Introduction: Most cohort studies are limited by sampling and accrual bias. The capability to detect specific lesions identified in radiological text reports could eliminate these biases and benefit patient care, clinical research, and trial recruitment. This study derived and internally validated text search algorithms to identify four common urological lesions (solid renal masses, complex renal cysts, adrenal masses, and simple renal cysts) using radiology text reports.

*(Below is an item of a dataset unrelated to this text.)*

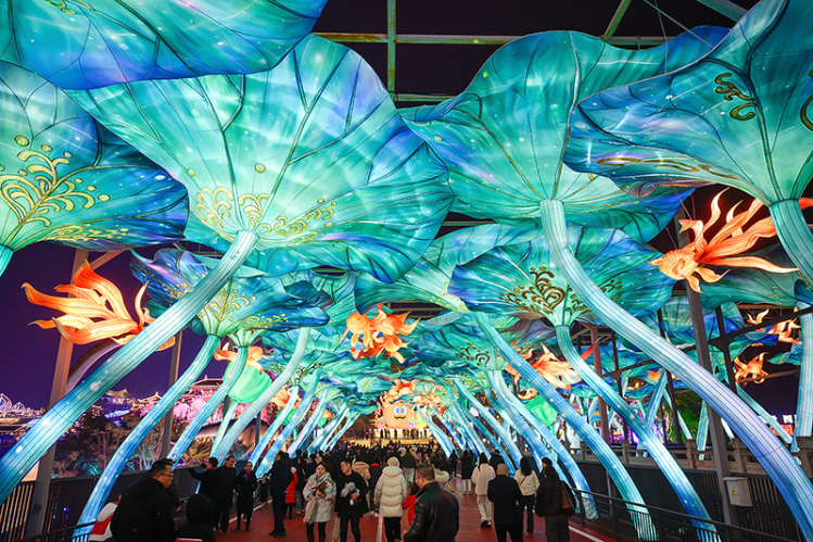 自貢ランタンは、ランラン芸術の国家級無形文化遺産の1つの代表です。今回のランタン祭りが開催される場所は、面積が約43ヘクタールに達し、中には「中国結び大通り」「福と禄が共に訪れる」「木蘭伝説」など10のエリアが設けられ、11組の超大型ランタンと200組以上の中小型ランタンが設置されています。

Methods: A simple random sample of 10 000 abdominal ultrasound (US) and computed tomography (CT) reports was drawn from our hospital's data warehouse. Reports were manually reviewed to determine the true status of the four lesions. Using commonly available software, we created logistic regression models having as predictors the status of a priori selected text terms in the report. We used bootstrap sampling with 95th percentile thresholds to select variables for the final models, which were modified into point systems. A second independent, random sample of 2855 reports, stratified by the number of points for each abnormality, was reviewed in a blinded fashion to measure the accuracy of each lesion's point system.

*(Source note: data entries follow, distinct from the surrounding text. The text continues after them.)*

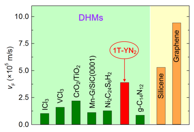 研究团队通过基于密度泛函理论的第一性原理计算及量子分子动力学模拟,在广泛测算的基础上,系统研究了单层YN2 的稳定性,电子性质及磁性。 结果表明单层YN2的八面体T相拥有诸多的奇异性质:1)较好的力学、动力学和热学稳定性;2)铁磁性基态,且居里温度大于室温;3)p电子贡献的单自旋狄拉克态,其费米速度高达3.74×105 m/s。 此外,它还具有较大的半金属带隙(1.53 eV),这足以克服因热扰动引起的自旋翻转。上述特性,使得YN2单层材料成为非常有前景的高速、低能耗自旋电子学的候选材料。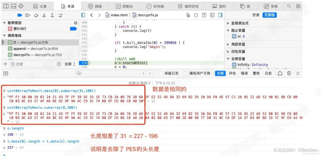 因为此时记录的索引是包含PES的头的长度。实际的解密数据是不包含PES头的。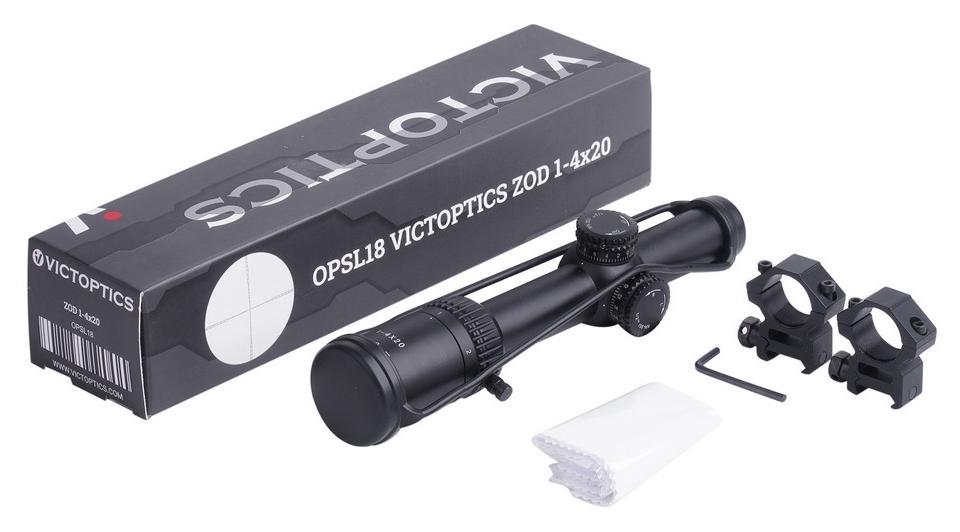 VictOptics luneta biegowa ZOD 1-4x20 LPVO, czarna to kompaktowa luneta celownicza o zmiennym powiększeniu 1-4x i średnicy obiektywu 20 mm. Model ZOD wyposażono w siatkę celowniczą VMD-2 Mil. Korpus wykonano z aluminium lotniczego 6063 T6, a wnętrze wypełniono azotem w celu ograniczenia parowania soczewek.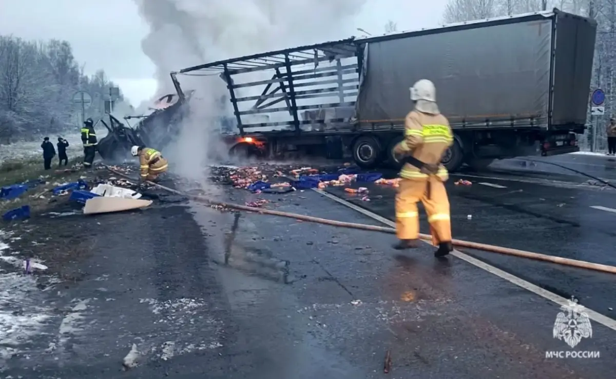 Сегодня в 15:30 рядом с деревней Тютицы Новгородского округа на трассе М-10 «Россия» произошла авария с участием грузовиков.

Results: The prevalence of solid renal mass, complex renal cyst, adrenal mass, and simple renal cyst, was 2.0%, 1.7%, 3.2%, and 20.0%, respectively. Each model contained between one and five text terms with c-statistics ranging between 0.66 and 0.90. In the independent validation, the scoring systems accurately predicted the probability that a text report cited the four lesions.
Conclusions: Textual radiology reports can be analyzed using common statistical software to accurately determine the probability that important abnormalities of the kidneys or adrenal glands exist. These methods can be used for case identification or epidemiological studies.